The problem is that the high-consequence decisions — whole-platform life extension, borderline NORM at 0.8–1.5 Bq/g, rig-to-reef disposition — structurally resist formalization. Not because the technology is immature, but because failures are catastrophic and irreversible, data is sparse, and regulatory acceptability is partly endogenous to the decision itself. Routing these to Tier 3 structured judgment is not a concession; it's the correct epistemic assignment.
The practical implication: a pilot here should be scoped to valves and heat exchanger bundles in a single refinery turnaround, not to offshore decommissioning. The latter involves Board-level decisions with US$-billion consequences and active political dimensions — precisely the Tier 4 territory where the framework provides process structure, not automated answers.
What the Empirical Literature Demands
The case against monolithic RAG pipelines for regulatory compliance is now empirically grounded, not merely theoretical. Dahl et al. (2024) documented citation hallucination rates of 58–88% for frontier LLMs on legal tasks. Verbalized confidence intervals are systematically too narrow (FermiEval, arXiv:2510.26995). Sycophancy is endemic and has been shown to correspond to separable activation directions in model internals (arXiv:2509.21305). Adaptive prompt injection attacks break all known defenses (Debenedetti et al., AgentDojo).

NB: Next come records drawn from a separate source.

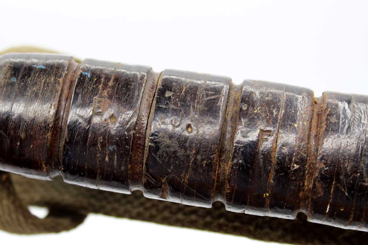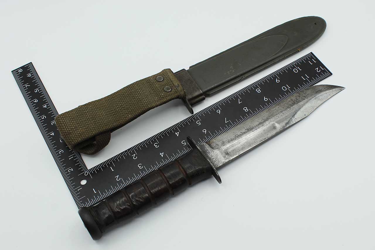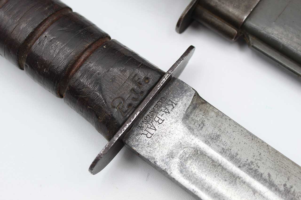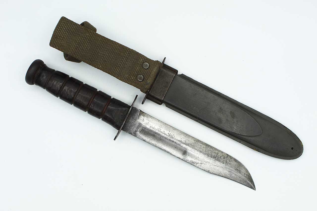 Additional Notes: The United States Navy Mark 2 Fighting Utility Knife, often referred to as the “KA-BAR”, is one of the most iconic combat knives of WW2. Officially known as the 1219C2 Fighting Utility Knife, it was adopted by the U.S. Marine Corps in November of 1942 and later by the Navy as the US Navy Utility Knife, Mark 2. It was designed to replace outdated WW1 era trench knives and served both as a combat weapon and a general-purpose utility tool. The blade was a 7-inch clip point blade made of carbon steel, ideal for both stabbing and cutting. The handle utilized stacked leather washers for grip.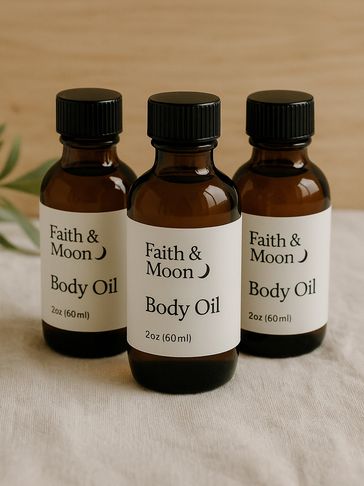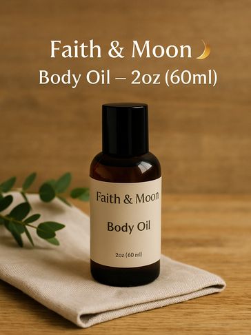 Start your journey with our first product, the Faith & Moon Body Oil (2oz) — natural, plant-based, and crafted for everyday skincare wellness.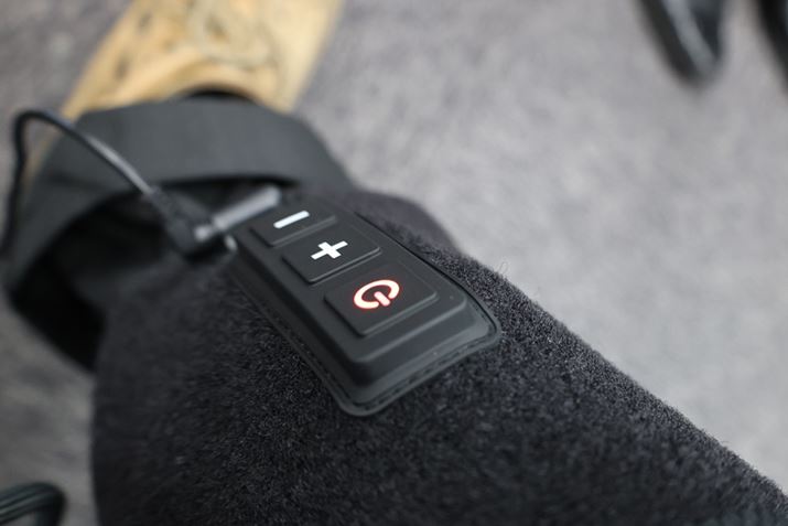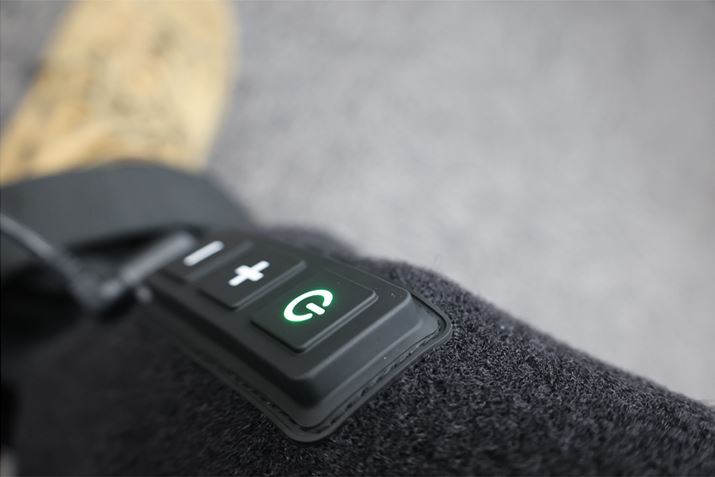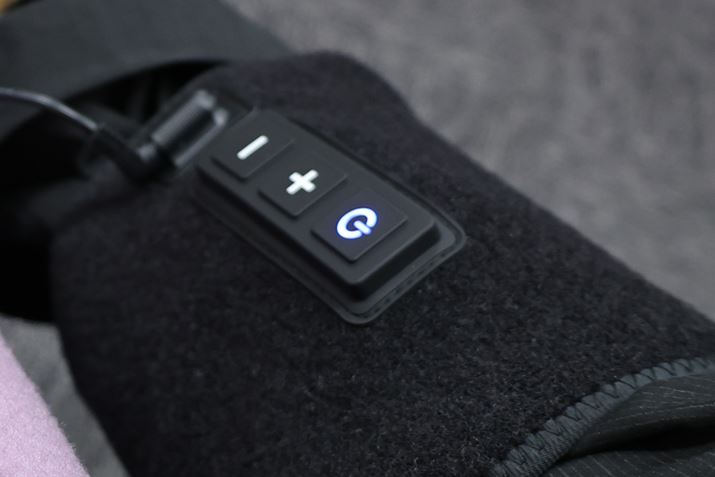 マッサージの強さは3段階。「+」ボタンを押すと、弱(青)/中(緑)/強(赤)に表示が変わる。まずは弱から試してみると、「ああーなるほど」と素直に声が出た。まさに血圧計を着けられている感覚で、結構な圧がかかる。

These results, taken together, constitute the empirical argument for architectural heterogeneity. The diversity prediction theorem — that ensemble error equals average individual error minus variance in predictions — provides the mathematical foundation. But variance only helps if the errors are uncorrelated. Achieving that requires deliberate architectural choices about source independence, not just adding more agents.
The Measurement Gap
Perhaps the most striking finding from surveying this space: inter-rater reliability in Brazilian environmental compliance has never been empirically measured. No published study quantifies agreement between technical assessors on NBR 10004 classification, LCR issuance, or ANP 817 comparative assessment. The noise is universally assumed; it has never been instrumented.
This is simultaneously a gap in the literature and an opportunity. A pilot that deploys three epistemically independent verifiers on borderline waste classification decisions — symbolic Tier 1 oracle over codified LGR, calibrated ML Tier 2 model trained on operator laboratory history, and two independent technical assessors under a blinded IDEA protocol — would produce exactly the kind of disagreement data needed to operationalize IE as a measurable quantity rather than an architectural aspiration.

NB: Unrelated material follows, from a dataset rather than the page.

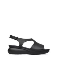Black sandal for women. Leather upper with straps. Slingback with velcro and open toe. Black wedge outsole. The Balloon women’s sandals feature rounded outsoles that put a playful touch on a lightweight design.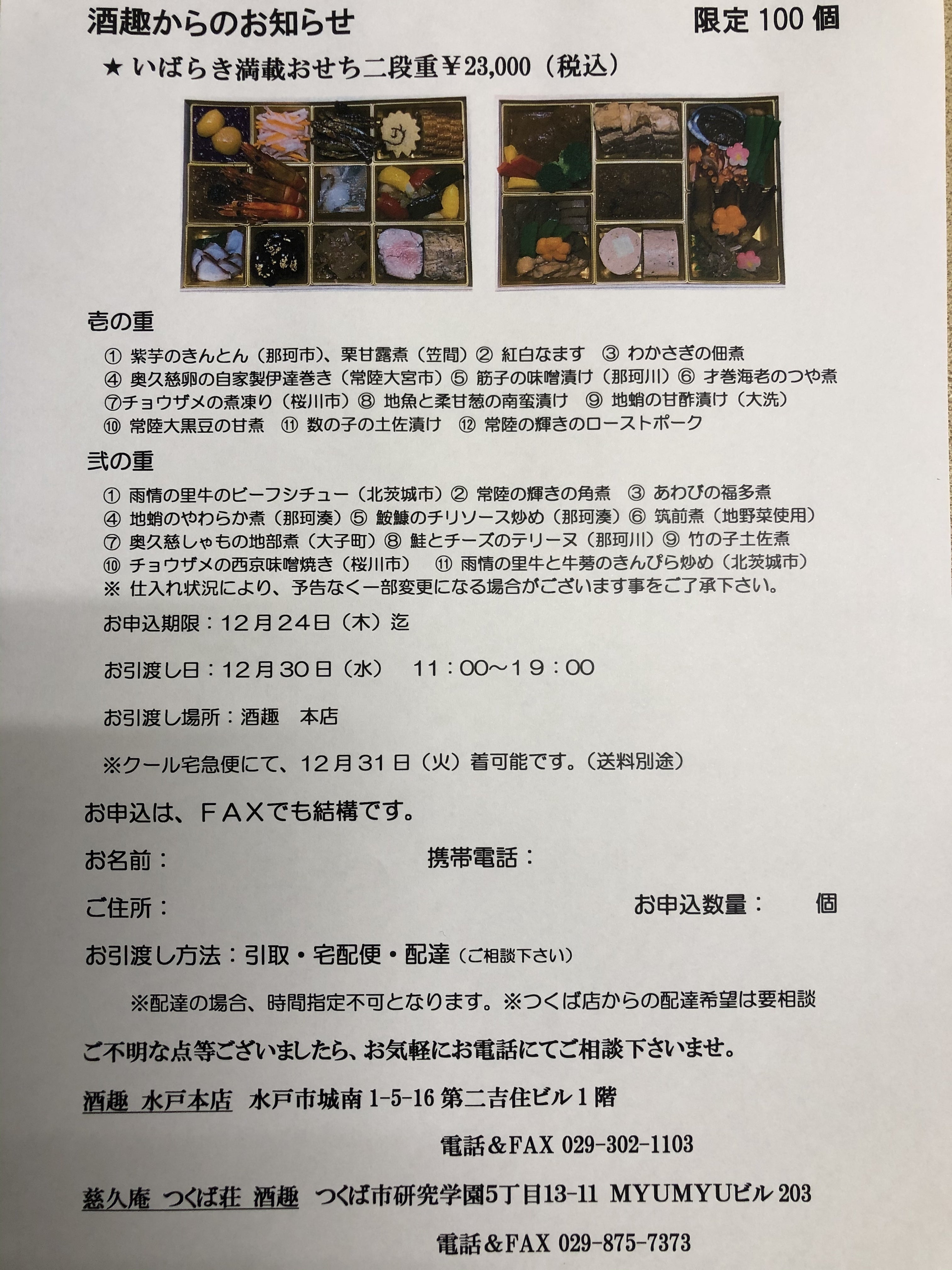 クラウドファンディング では、沢山のご支援を頂戴し、誠にありがとうございました。お陰様で何とか夏と秋を乗り越えられました。皆様より頂きました温かいご支援及びメッセージに励まされ頑張っております!私共のお店「酒趣 しゅしゅ」は、2002年よりまだ「地産地消」という言葉が使われていない時代に「いばらきの美味しいお酒や食材をPRするお店」として、「地産地"紹"」を掲げてやって参りました。その流れの中で、全国から人が集まるROCK IN JAPAN.FESで茨城の物をPRしたい!という思いから、生産量日本一のメロンが知られていないのを知って頂く為に考え出したのが「メロンまるごとクリームソーダ」でした。今思えば、世にない商品を主催者の方もよくOKして下さったなぁと思います。初出店の翌年には鹿島アントラーズさんからも声を掛けて頂き初出店から13年連続売切れ記録更新中となっております。場を与えて下さった2社と、そこに来てお買い上げ下さったFESファン、サポーターの皆様・ご支援下さった皆様に育てて頂いている商品です。心から感謝申し上げます。酒趣と言えばメロンと言われますが、お店では茨城県内中より厳選した素材(生産者を訪ね歩いて)を使った料理を提供してきました。開店以来、御節も作っております。いばらき素材を可能な限り集めて作らせて頂いたお節をご案内させて頂きます。全国発送も可能ですので、ご興味がございましたらご検討下されば幸いです。今年1年はコロナに引っ掻きまわされて終わりそうですが、来年はワクチンが出来て騒ぎが収束し、普通の生活ができる日々になる事を切に願っております。皆様にとりましても素晴らしい1年になられます事も願っております。

Crucially, this pilot has something most AI compliance benchmarks lack: authoritative ground truth. The CDF (Certificado de Destinação Final) and IBAMA/CETESB enforcement records provide post-hoc validation that ESG benchmarks built on self-declared disclosures cannot offer.
Conclusion
The heterogeneous verification framework isn't a novel invention — it's the rigorous composition of four mature traditions: formal oracles, calibrated statistical ensembles, structured expert elicitation, and deliberative governance. What's new is the metric (epistemic independence) that makes the composition principled rather than intuitive, and the empirical literature that makes it non-optional.

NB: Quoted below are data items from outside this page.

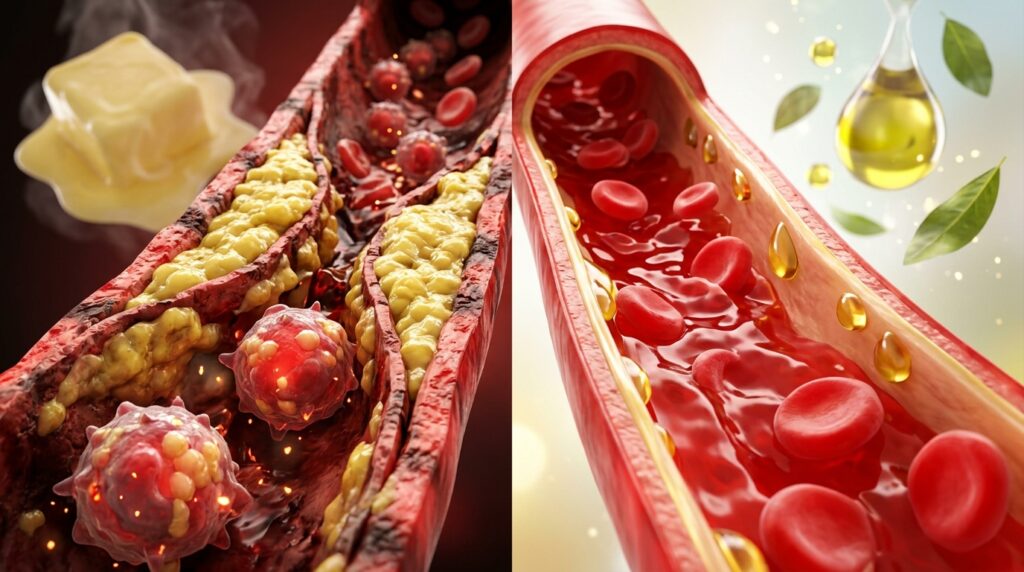 🟡 結果:バターを使った朝食(西洋式)は、オリーブオイルを使った朝食(地中海式)と比べて、食後4時間での免疫細胞への脂肪蓄積を顕著に増加させ、炎症マーカー(セルロプラスミンなど)を高くしました。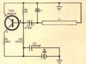 Este oscilador de 1,6 GHz com 40 mW de potência de saída foi encontrado numa Eletrônica Popular de maio/junho de 1969. O transistor é de tipo especial da época.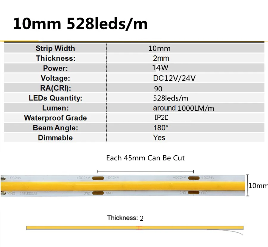 LED 수량: (3mm/5mm) 400개/m, 2mm/8mm 480개/m, 10mm 528개/m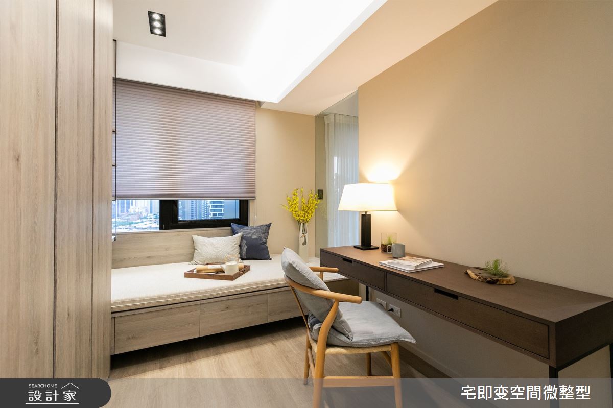 玄關木質大鞋櫃揭開溫暖且實用的居宅印象,一旁現代俐落的白色矮櫃搭配造形鏡面,跳脫整室木色空間,替迎賓處製造吸睛亮點。開放式客、餐廳領域共享落地窗外的好採光,木質桌椅、米色沙發及米灰色刷漆,皆透過同色系異材質搭配原則,賦予溫潤視覺空間層次美學;立面材料及家具擺件精準選配,白灰大理石紋理電視牆、藤製單椅、造型吊燈及大型落地燈,瞬間成為簡約空間的焦點。而坐落於廊道之間的餐廳區與各區塊互通有無,彷彿象徵凝聚生活情感的中心點,長型大餐桌則可依據生活需求轉變為開放閱覽空間。電視牆後方規劃了一間多功能書房,玻璃拉門巧思拉進了家人之間的距離,房內不僅提供大容量儲物空間,可隨時轉換為過夜客房的窗邊小臥榻設計,則注入了完備的生活機能。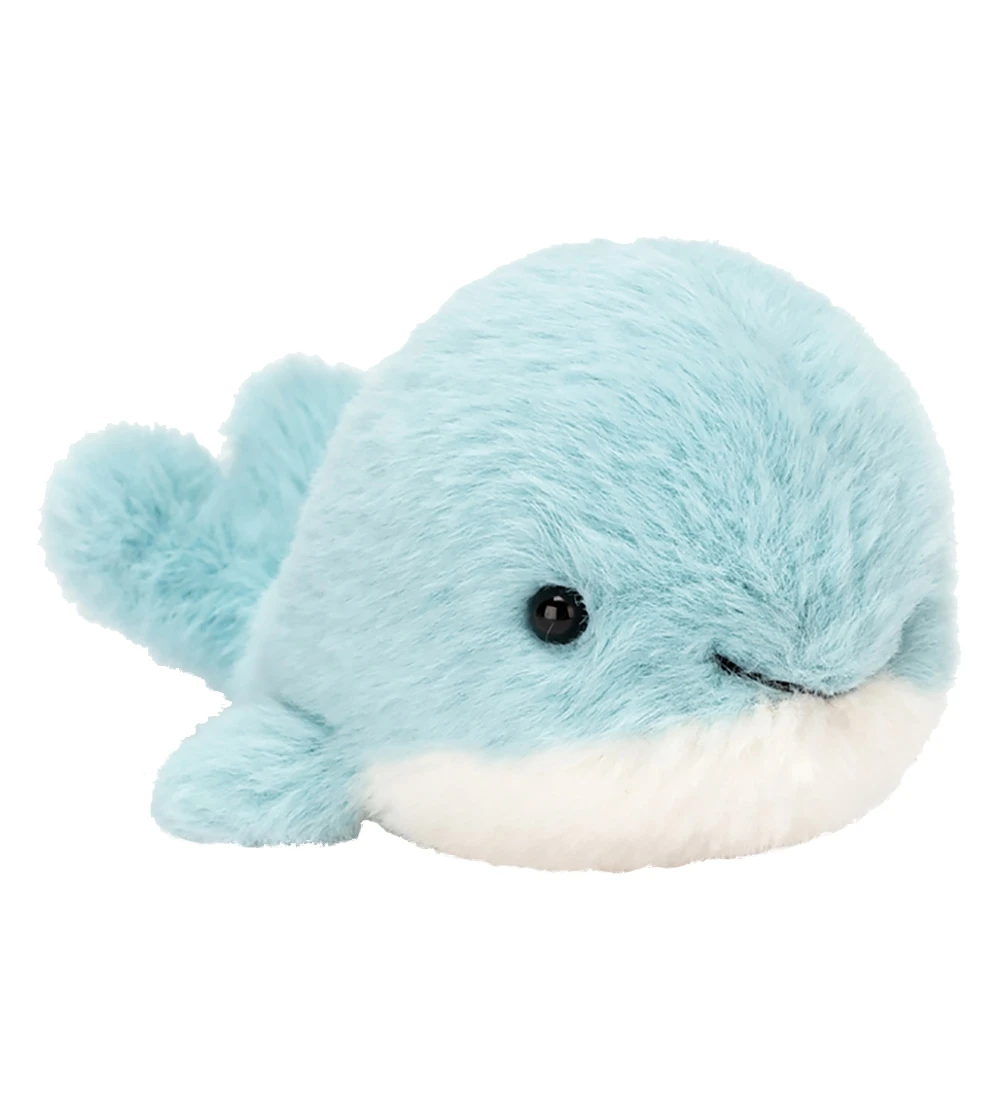 Fin Jellycat bamse formet som en hval i lyseblå og hvid plys.

The practical takeaway for teams building compliance AI in regulated industries: audit your architecture for source independence before auditing for model accuracy. A single LLM with access to the right canonical sources, paired with an independent statistical model and a structured human review protocol, will outperform three correlated LLMs reading the same document — and the Brazilian waste management context, with its dense regulatory corpus, high decision volume, and available ground truth, is an unusually good place to prove it.